Lettre ouverte aux militants de l’éducation artistique et culturelle
… ou à ceux qui pourraient le devenir.
… ou à ceux qui pourraient le devenir.
Chers amis,
depuis une quarantaine d’années, artistes, enseignants, responsables culturels et éducatifs, élus… nous avons participé à un mouvement important de la vie éducative et culturelle de notre pays. Dans des lieux divers (écoles, structures culturelles, associations…), nous avons travaillé à l’émergence de pratiques nouvelles de l’art dans l’éducation, à une pédagogie de projets, à l’invention de formes et de dispositifs pour que les enfants et les jeunes qui nous étaient confiés puissent, le temps d’un projet ou plus longuement, se frotter à la création artistique et, par là, se construire de manière harmonieuse. Pour cela, nous avons multiplié les initiatives, les expériences, les réflexions, les formations et les combats, notamment sur le thème du « partenariat » entre artistes et enseignants. Nous avons tenu des séminaires, des colloques, des formations, nous avons écrit des articles, des livres, des rapports, nous avons milité dans des associations, dans les administrations, nous nous sommes réunis dans des mouvements internationaux… Bon an mal an, notre projet s’est développé, prenant progressivement une place centrale dans le débat public sur la culture et sur l’éducation. Une de nos revendications principales était de voir ce thème enfin repris dans le débat politique général, afin qu’il parvienne à influencer véritablement les politiques publiques de la culture et de l’éducation. Nous sommes servis !

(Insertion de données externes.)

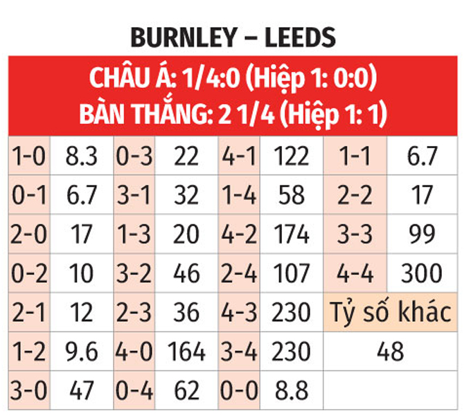 0 - 4 trận gần nhất gặp Leeds, Burnley đều không thắng. Họ hòa 3 và thua 1. Tổng bàn thắng ở 4 trận này chia hết cho 2.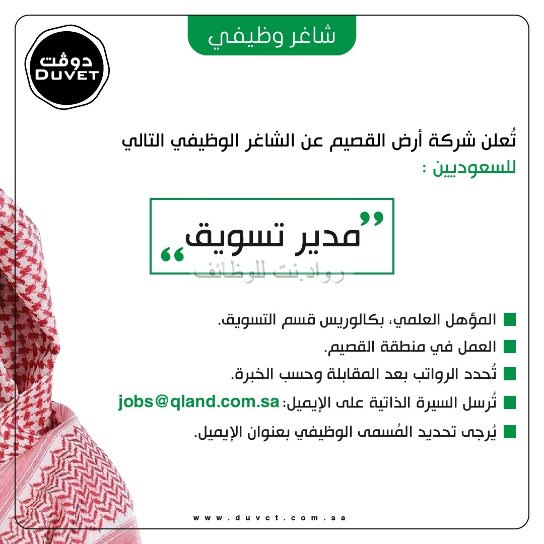تعلن شركة ارض القصيم عن الشاغر الوظيفي بمسمى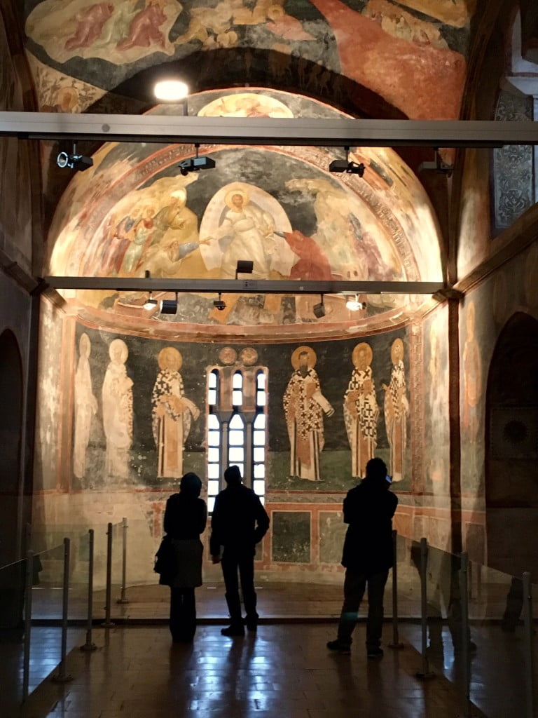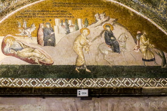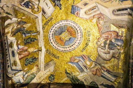 Scaffolding covers the exterior of the Chora Church, and the interior nave is closed, but the mosaics and frescoes whisper stories to those who visit. We took a taxi to reach the out of the way location, but the trip was worth the effort.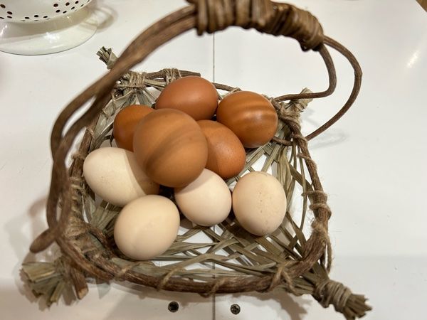 先生のお宅の烏骨鶏ちゃんとボリスブラウンちゃんが産んでくれた新鮮卵ちゃん。鶏ちゃんには可愛いお名前付いてます。裏山を駆け抜けて餌を食べてるとっても元気な鶏ちゃん達です。

Lors de la récente campagne présidentielle, tous les candidats firent de ce sujet une idée-force, convenant que les politiques de la culture avaient atteint une limite que seule l’éducation pourrait permettre de dépasser désormais. Le Président élu en fit une priorité, inscrite dans les décrets d’attribution aux ministres concernés. Ceux-ci s’empressèrent de commander un rapport (le 27è, me semble-t-il) sur le sujet. Une intervention en Conseil des ministres venait confirmer cet empressement. Enfin, puisqu’il n’existe pas de politique sans circulaire, un document vient de paraître au Bulletin officiel de l’éducation nationale du 8 mai 2008 qui précise les orientations : « L’éducation artistique et culturelle doit être développée dans un objectif de généralisation à tous les élèves et à l’ensemble des cycles de formation, dans le domaine des connaissances et de la pratique artistiques. Elle doit permettre l’éveil des talents particuliers et conduire les élèves qui le souhaitent vers des pratiques artistiques d’excellence. » Ce texte décline les grands axes d’une politique à venir : « enseignement obligatoire de l’histoire des arts, évaluation au Brevet, pratiques artistiques dans l’accompagnement éducatif et hors l’école, classes à horaires aménagés, fréquentation des structures culturelles, partenariats entre établissements scolaires et culturels, ateliers de pratique, résidences d’artistes, volets artistiques et culturels des projets d’établissement, formation initiale, formation continue, convention triennale avec les collectivités territoriales… » Avouons-le, la lecture de cette circulaire laisse perplexe.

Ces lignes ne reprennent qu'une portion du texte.